*EXERCISE BRIEF*. Pictures are to be left out, and only the lines below starting at the one with "29 декабря 2014г." and ending at the one with "風船バレーは普段なかなかレク" are to be reproduced, each exactly, both ends included.

*EXTRACTED ENTRIES*.
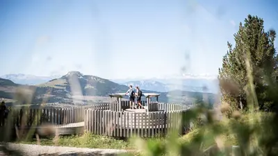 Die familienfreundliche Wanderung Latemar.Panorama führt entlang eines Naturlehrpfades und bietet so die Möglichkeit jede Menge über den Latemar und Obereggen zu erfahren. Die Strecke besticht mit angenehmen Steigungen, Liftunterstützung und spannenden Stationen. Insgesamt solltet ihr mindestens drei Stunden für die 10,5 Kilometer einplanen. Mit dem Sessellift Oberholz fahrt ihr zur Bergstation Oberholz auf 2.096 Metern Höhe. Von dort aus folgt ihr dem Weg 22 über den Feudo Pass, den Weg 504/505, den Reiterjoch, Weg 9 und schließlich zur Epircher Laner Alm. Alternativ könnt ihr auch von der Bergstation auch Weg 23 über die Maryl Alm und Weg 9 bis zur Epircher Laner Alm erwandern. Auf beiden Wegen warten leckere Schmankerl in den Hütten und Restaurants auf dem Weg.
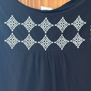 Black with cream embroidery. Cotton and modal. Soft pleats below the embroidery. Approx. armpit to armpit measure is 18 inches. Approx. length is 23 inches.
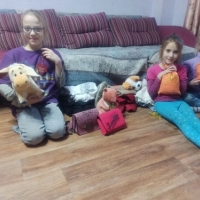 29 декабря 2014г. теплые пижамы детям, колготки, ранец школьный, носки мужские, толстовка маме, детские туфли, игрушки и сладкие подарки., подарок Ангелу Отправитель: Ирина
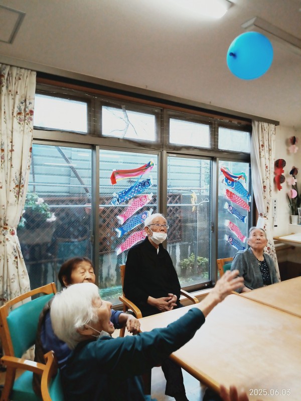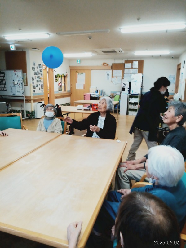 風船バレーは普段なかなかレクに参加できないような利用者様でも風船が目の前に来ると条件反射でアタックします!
* * *
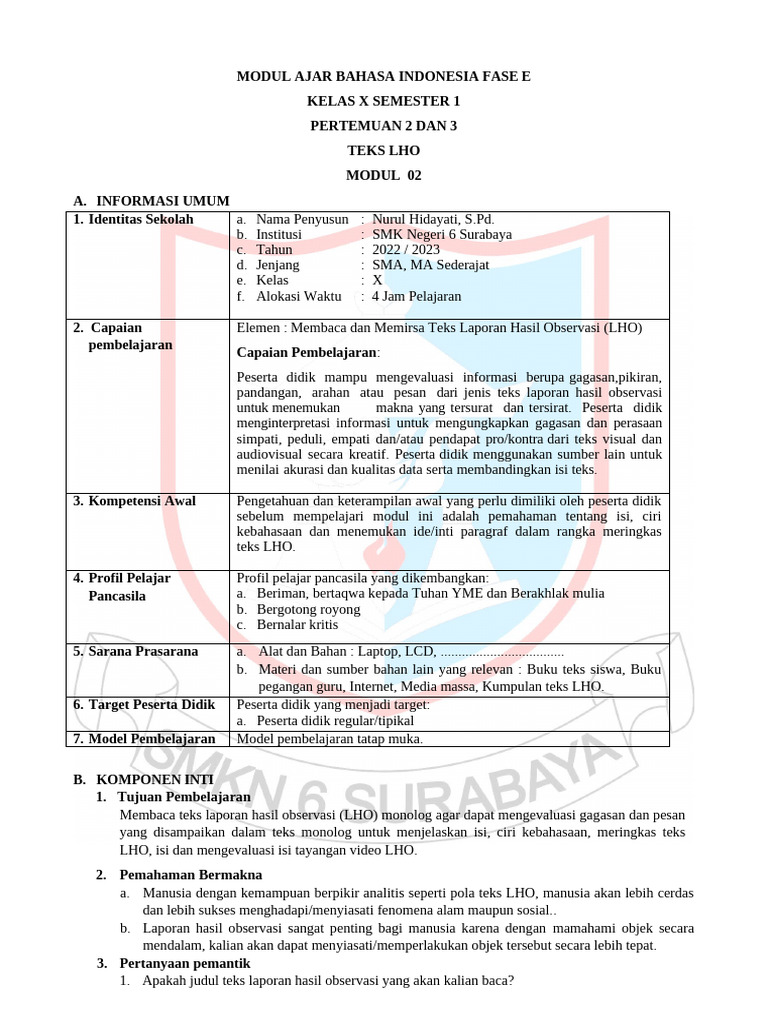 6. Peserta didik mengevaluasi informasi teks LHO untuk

*THE COMPLETED TASK*.
 29 декабря 2014г. теплые пижамы детям, колготки, ранец школьный, носки мужские, толстовка маме, детские туфли, игрушки и сладкие подарки., подарок Ангелу Отправитель: Ирина
 風船バレーは普段なかなかレクに参加できないような利用者様でも風船が目の前に来ると条件反射でアタックします!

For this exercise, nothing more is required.